In the following we will elaborate on the Father and Mother timelines.

Fig. 15 The pages Mother and Father begun at the same time and had roughly the same amount of editing activity in the beginning. Both pages were edited a lot more from 2005–2006. The Mother page has a drop in activity in 2008, while the Father page has a somewhat steady editing history until 2018.

These pages are the two pages we chose to examine further. An interesting difference between these two pages is that in spite of the steady and active editing history on the Father page, the editors do not discuss the revisions and content of the page very much. On the Mother page, on the other hand, there is a lot more discussion about the content of the page, while there are fewer edits made than on the Father page after 2008. The Father page is almost only organized in lists with a bit of text, while the mother page has more text, about 500 characters more than the Father page, and only one or two lists.

Fig. 16 Snapshots of some of the lists on the Father page.

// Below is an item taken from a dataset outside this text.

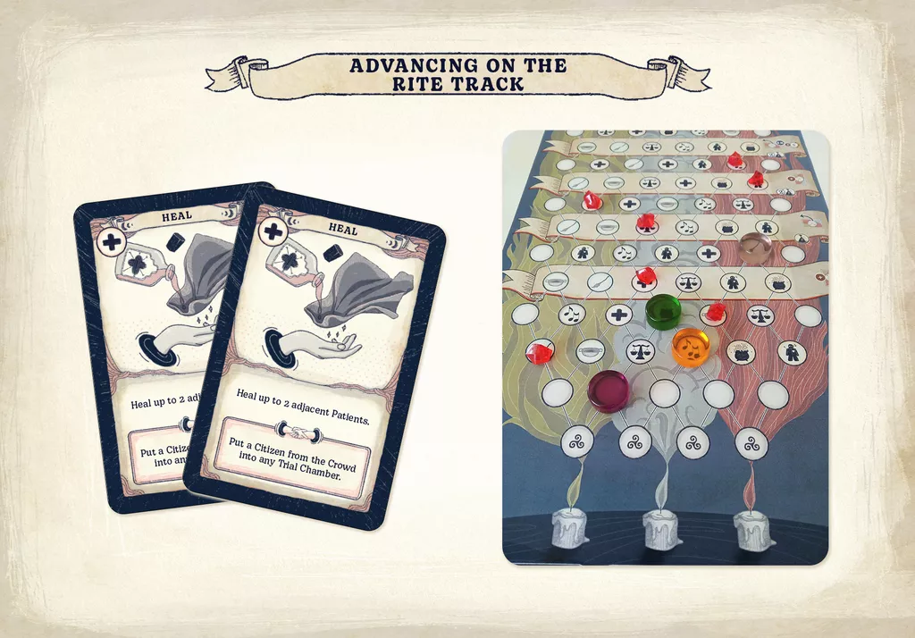 If you match with your action, you will draw a nearby Witch Hunter’s attention: your current Suspicion level and the result of a Hunter die roll together make the patrol range of the Hunter, and if you are within it, one of your Witches will be captured. Initially, with low Suspicion across the board and several empty Hideouts the map feels fairly safe, but with new Witch Hunters added almost every Season, just a few reckless matches can quickly get you into trouble.

The most interesting discussion on both pages revolved around motherhood and fatherhood respectively. Both pages discussed it from the perspective of biology. On the Mother page, they discussed at what time motherhood begins, at the point of (assumed) conception, during pregnancy or after childbirth.

On the Father page they discussed fatherhood in relation to sperm and donation herof. There was disagreements about the word donation in relation to IVF (In Vitro Fertilization, assisted reproductive technology). If a couple is using IVF, is the man then donating sperm to his partner? And what does donating mean? Is donating simply a removal of biological substance from ones body for whatever purpose, or does it only entail giving away biological substance without being involved in the end result, like a kidney donation? In light of this, it was discussed when fatherhood begins. When expecting a child or when the child is born?

While these discussions can seem simple and a matter of opinion, they feed into a bigger controversy about what (responsibilities) is and should be expected of parents at which stage on their path to and in parenthood.